On May 9, 2017 9:47 AM, "Martin Spacek" <numpy at mspacek.mm.st> wrote:


I've opened up a pull request to add a function called np.search(), or
something like it, to complement np.searchsorted():


There's also this issue I opened before starting the PR:


Proposed API changes require discussion on the list, so here I am!

This proposed function (and perhaps array method?) does the same as
np.searchsorted(a, v), but doesn't require `a` to be sorted, and explicitly
checks if all the values in `v` are a subset of those in `a`. If not, it
currently raises an error, but that could be controlled via a kwarg.

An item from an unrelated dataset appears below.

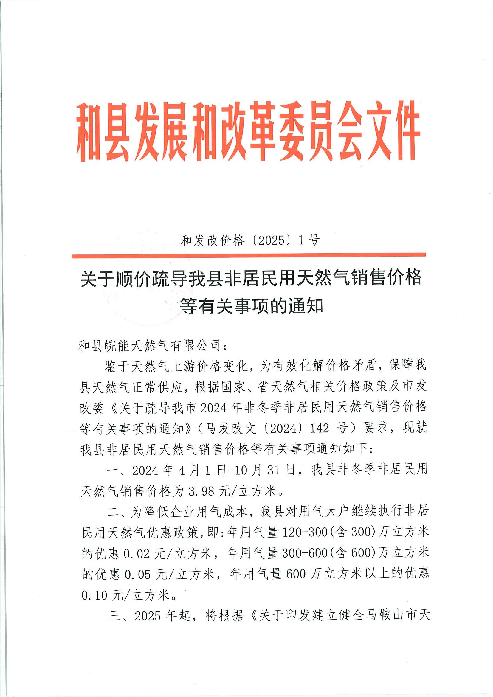 关于顺价疏导我县非居民用天然气销售价格等有关事项的通知 (和发改价格〔2025〕1号)

As I mentioned in the PR, I often find myself abusing np.searchsorted() by
not explicitly checking these assumptions. The temptation to use it is
great, because it's such a fast and convenient function, and most of the
time that I use it, the assumptions are indeed valid. Explicitly checking
those assumptions each and every time before I use np.searchsorted() is
tedious, and easy to forget to do. I wouldn't be surprised if many others
abuse np.searchsorted() in the same way.

It's worth noting though that the "sorted" part is a critical part of what
makes it fast. If we're looking for k needles in an n-item haystack, then:

If the haystack is already sorted and we know it, using searchsorted does
it in k*log2(n) comparisons. (Could be reduced to average case O(k log log
n) for simple scalars by using interpolation search, but I don't think
searchsorted is that clever atm.)

If the haystack is not sorted, then sorting it and then using searchsorted
requires a total of O(n log n) + k*log2(n) comparisons.

And if the haystack is not sorted, then doing linear search to find the
first item like list.index does requires on average 0.5*k*n comparisons.

This analysis ignores memory effects, which are important -- linear memory
access is faster than random access, and searchsorted is all about making
memory access maximally unpredictable. But even so, I think
sorting-then-searching will be reasonably competitive pretty much from the
start, and for moderately large k and n values the difference between (n +
k)*log(n) and n*k is huge.

Another issue is that sorting requires an O(n)-sized temporary buffer
(assuming you can't mutate the haystack in place). But if your haystack is
a large enough fraction of memory that you can't afford is buffer, then
it's likely large enough that you can't afford linear searching either...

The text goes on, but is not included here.